> _What you need to do_
Transcribe the records below exactly, from their first line through the line containing "پیکسل 44 میلی". Omit every line after it.

> _Stored data entries_
-- Opening Marker --
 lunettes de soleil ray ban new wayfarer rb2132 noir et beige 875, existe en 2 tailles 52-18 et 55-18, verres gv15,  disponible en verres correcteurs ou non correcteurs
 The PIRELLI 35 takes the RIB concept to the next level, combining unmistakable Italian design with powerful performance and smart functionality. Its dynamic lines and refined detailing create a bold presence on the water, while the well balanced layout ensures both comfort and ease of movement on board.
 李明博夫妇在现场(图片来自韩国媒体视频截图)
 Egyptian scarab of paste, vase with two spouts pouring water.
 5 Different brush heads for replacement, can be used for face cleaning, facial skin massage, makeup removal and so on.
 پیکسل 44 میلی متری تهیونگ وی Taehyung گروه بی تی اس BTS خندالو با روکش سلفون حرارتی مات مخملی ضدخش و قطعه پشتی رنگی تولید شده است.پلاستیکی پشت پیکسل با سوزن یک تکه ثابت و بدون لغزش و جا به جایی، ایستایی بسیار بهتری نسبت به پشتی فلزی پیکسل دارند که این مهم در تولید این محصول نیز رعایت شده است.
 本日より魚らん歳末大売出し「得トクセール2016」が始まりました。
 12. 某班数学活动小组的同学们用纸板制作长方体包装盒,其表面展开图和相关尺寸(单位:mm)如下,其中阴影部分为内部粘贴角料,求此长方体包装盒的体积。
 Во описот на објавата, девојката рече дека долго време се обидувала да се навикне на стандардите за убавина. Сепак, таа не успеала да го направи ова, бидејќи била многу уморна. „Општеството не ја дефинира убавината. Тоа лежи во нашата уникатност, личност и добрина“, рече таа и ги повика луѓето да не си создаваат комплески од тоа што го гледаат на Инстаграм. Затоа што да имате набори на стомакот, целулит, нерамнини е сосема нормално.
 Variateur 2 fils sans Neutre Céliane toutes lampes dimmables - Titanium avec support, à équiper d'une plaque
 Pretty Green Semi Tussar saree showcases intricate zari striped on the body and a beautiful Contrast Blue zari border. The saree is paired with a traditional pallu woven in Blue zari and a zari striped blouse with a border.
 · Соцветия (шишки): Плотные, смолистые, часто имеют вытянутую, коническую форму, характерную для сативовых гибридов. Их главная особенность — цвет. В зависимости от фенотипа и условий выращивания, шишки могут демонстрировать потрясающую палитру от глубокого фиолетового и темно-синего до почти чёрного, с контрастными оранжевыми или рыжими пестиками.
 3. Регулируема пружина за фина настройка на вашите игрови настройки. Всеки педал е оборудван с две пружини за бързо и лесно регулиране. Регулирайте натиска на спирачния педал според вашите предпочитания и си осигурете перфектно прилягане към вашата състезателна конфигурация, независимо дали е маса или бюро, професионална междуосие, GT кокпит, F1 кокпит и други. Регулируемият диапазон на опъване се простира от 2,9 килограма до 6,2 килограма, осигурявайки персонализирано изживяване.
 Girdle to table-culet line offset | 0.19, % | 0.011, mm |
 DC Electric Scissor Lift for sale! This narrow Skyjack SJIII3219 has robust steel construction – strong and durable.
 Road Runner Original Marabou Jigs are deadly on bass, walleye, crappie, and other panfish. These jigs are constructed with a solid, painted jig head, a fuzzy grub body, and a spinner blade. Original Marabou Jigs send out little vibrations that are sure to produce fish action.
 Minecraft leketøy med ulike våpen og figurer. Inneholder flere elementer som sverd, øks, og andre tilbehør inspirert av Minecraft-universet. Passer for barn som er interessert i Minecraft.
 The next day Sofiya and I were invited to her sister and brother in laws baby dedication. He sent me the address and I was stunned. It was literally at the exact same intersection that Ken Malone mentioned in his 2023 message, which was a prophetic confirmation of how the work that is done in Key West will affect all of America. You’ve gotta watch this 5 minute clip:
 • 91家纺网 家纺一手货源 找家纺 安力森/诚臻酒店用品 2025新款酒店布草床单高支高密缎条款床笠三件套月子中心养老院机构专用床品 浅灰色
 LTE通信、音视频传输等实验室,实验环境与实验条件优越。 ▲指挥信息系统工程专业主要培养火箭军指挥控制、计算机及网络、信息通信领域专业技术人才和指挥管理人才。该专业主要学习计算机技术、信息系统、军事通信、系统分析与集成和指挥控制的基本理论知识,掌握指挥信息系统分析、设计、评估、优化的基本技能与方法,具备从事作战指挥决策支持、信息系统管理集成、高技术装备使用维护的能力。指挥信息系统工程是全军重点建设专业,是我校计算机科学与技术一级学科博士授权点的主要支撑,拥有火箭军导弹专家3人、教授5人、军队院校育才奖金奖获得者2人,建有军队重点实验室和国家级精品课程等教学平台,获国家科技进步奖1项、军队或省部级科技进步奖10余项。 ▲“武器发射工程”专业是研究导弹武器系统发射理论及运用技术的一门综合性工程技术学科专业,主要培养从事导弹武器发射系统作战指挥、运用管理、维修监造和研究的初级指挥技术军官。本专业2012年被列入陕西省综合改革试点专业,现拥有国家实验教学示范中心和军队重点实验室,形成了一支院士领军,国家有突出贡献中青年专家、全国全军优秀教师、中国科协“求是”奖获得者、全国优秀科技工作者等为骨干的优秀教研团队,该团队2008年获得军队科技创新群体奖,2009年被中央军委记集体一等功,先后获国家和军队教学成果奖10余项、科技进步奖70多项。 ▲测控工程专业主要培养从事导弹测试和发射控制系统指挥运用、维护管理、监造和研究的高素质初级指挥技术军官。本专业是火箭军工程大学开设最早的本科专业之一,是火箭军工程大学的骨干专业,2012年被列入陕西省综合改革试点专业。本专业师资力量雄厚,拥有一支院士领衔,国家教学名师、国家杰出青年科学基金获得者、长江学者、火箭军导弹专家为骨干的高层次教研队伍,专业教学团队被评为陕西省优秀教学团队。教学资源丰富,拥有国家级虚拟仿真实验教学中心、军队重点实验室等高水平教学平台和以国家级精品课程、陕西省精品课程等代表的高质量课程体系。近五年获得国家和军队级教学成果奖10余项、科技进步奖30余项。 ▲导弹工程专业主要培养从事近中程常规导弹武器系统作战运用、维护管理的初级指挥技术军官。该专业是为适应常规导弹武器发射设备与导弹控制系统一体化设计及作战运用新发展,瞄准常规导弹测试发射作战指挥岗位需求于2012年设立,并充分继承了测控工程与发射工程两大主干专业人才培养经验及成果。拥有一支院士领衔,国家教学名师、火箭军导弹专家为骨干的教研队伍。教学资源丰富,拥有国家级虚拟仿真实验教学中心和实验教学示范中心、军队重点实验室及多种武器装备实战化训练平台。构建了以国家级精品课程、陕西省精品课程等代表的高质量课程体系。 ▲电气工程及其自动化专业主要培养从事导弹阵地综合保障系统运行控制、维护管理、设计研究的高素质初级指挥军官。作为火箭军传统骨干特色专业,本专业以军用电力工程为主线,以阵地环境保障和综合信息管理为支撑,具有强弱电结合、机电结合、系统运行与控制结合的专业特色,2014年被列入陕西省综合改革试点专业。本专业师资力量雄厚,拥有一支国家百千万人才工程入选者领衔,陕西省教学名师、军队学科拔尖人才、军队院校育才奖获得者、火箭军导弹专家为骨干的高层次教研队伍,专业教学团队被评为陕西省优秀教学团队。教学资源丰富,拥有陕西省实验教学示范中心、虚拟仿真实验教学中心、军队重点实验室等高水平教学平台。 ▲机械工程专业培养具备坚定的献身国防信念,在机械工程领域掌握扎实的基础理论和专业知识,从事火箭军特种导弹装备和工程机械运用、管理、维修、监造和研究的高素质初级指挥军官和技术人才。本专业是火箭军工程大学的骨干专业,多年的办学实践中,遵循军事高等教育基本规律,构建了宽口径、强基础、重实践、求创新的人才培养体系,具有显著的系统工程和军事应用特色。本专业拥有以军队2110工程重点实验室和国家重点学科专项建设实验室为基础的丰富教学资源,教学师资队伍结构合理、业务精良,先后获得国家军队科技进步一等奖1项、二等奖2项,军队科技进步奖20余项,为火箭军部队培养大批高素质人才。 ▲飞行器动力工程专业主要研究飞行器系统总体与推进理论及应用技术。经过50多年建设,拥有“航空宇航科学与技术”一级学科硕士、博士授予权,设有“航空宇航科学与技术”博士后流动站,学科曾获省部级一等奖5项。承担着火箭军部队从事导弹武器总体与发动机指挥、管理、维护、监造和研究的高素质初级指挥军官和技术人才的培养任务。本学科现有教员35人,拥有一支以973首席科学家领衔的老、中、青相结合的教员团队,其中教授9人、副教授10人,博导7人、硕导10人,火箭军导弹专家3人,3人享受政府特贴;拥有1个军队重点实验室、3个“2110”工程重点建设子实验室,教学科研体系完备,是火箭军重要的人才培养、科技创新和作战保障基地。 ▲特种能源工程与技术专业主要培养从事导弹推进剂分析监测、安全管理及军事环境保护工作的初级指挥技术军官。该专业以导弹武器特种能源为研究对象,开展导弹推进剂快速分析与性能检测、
-- Closing Marker --
> _Solution for this problem_
 lunettes de soleil ray ban new wayfarer rb2132 noir et beige 875, existe en 2 tailles 52-18 et 55-18, verres gv15,  disponible en verres correcteurs ou non correcteurs
 The PIRELLI 35 takes the RIB concept to the next level, combining unmistakable Italian design with powerful performance and smart functionality. Its dynamic lines and refined detailing create a bold presence on the water, while the well balanced layout ensures both comfort and ease of movement on board.
 李明博夫妇在现场(图片来自韩国媒体视频截图)
 Egyptian scarab of paste, vase with two spouts pouring water.
 5 Different brush heads for replacement, can be used for face cleaning, facial skin massage, makeup removal and so on.
 پیکسل 44 میلی متری تهیونگ وی Taehyung گروه بی تی اس BTS خندالو با روکش سلفون حرارتی مات مخملی ضدخش و قطعه پشتی رنگی تولید شده است.پلاستیکی پشت پیکسل با سوزن یک تکه ثابت و بدون لغزش و جا به جایی، ایستایی بسیار بهتری نسبت به پشتی فلزی پیکسل دارند که این مهم در تولید این محصول نیز رعایت شده است.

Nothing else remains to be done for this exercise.